Link Search Menu Expand Document

Authentication

Most APIs will not run unless provided a valid authentication token. When running contract tests, Specmatic needs to obtain a valid auth token to call authenticated APIs.

You can see how this in action in the sample petstore project.

Here’s a quick walk through of how it works.

1. Write the auth contract

First off, write the contract of the auth API, and in it, declare tokens such as cookies, json value in the response, etc as exports.

In step 3, Specmatic will run this as as a test against the auth service to get the auth tokens. So we must provide the base url of the actual auth service in environment configuration.

Here’s a the petstore’s auth contract.

Setup the auth credentials

Look at the Examples table, in which we use the variables $username and $password. We do not hardcode them, because each environment (local, staging, etc) will need different auth credentials. These values come from environment configuration, where we can specify the auth credentials needed by each environment. See how this is done in specmatic.json in the sample petstore application.

Note how we have declared two variables, username and password, in the staging environment:

  "environments": {
    "staging": {
      "baseurls": {
        "auth.spec": "http://localhost:8080"
      },
      "variables": {
        "username": "jackie",
        "password": "PaSsWoRd"
      }
    }
  }

Setup base urls

In step 3, Specmatic runs this auth.spec as a test against the auth service in the environment, and stores the exports declared by auth.spec for later.

To run as test, Specmatic needs the base url of the auth service.
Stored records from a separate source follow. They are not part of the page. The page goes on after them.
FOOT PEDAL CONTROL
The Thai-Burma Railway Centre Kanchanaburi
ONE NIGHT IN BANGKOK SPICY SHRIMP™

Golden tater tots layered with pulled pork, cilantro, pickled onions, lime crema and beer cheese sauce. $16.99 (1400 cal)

We put this in the same environment config in specmatic.json.

In the snippet above, baseurls contains configuration for auth.spec, the name of the auth contract file.

Exporting auth tokens in the contract

In the auth.spec file, we have exported the entire response body.
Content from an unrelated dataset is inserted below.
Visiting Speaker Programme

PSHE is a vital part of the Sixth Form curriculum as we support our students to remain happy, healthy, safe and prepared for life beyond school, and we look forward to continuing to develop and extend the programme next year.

And export token = response-body

This exports a variable named token, the contents of which are the entire reponse body.
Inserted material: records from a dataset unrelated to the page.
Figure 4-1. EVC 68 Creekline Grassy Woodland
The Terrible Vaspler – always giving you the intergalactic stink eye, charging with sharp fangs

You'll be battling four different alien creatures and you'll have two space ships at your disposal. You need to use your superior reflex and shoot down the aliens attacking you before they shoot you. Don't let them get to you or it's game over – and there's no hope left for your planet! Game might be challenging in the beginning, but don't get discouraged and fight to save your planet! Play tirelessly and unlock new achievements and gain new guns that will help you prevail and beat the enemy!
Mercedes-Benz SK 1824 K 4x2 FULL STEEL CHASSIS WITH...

If the reponse is JSON, such as {"token": "abc123"}, you can export a specific value:

And export token = response-body.token

If you wish to export a header, such as the Cookie header:

And export cookie = response-header.Cookie

2. Wire up auth in the application contract

Next we must connect auth contract with the actual contract that needs it.

Have a look at the sample petstore contract api_petstore_v1.spec.

You’ll see in the background:

And value auth from auth.spec

We declare that the value named auth comes from auth.spec. auth.spec in this line is the relative path to the auth spec file. In this example, auth.spec is in the same directory as api_1.spec.

Using the auth variables

In the petstore contract, look at the Examples table for any of the POST APIs, to see how we are using the auth token.

Take for example:

 Scenario Outline: Update pet details
    When POST /pets
    And request-header Authenticate (string)
    And request-body (Pet)
    Then status 200

    Examples:
      | name   | type | status    | id | Authenticate  |
      | Archie | dog  | available | 10 | ($auth.token) |

In ($auth.token), auth is the value that we declared above, and token is what was exported from auth.spec.

3. Run the contract tests

Declare the application contract in specmatic.json

Make sure to declare the contract you’re running as a test in specmatic.json. Take a look at specmatic.json in the petstore sample project for an example of this. You can read more about running contract tests using Specmatic here.

Execute the tests

Finally, run the tests. You must specify the environment while doing so, for Specmatic to pick up the variables and baseurls relevant to that environment.

If you’re running the tests from a terminal, the command is specmatic test --environment=staging specfile.spec

If you’re running the tests from code, set a property named environments. Take a look at the petstore sample to see an example of this.

How Specmatic runs the tests

The tests are run in 2 stages.

  • Stage 1: The application contract depends on the auth contract. So Specmatic first runs the auth contract as test, and stores all the exported values for the application contract to use.
  • Stage 2: Specmatic then plugs the exported values into the application contract where required, and goes on to run the application contract in test mode.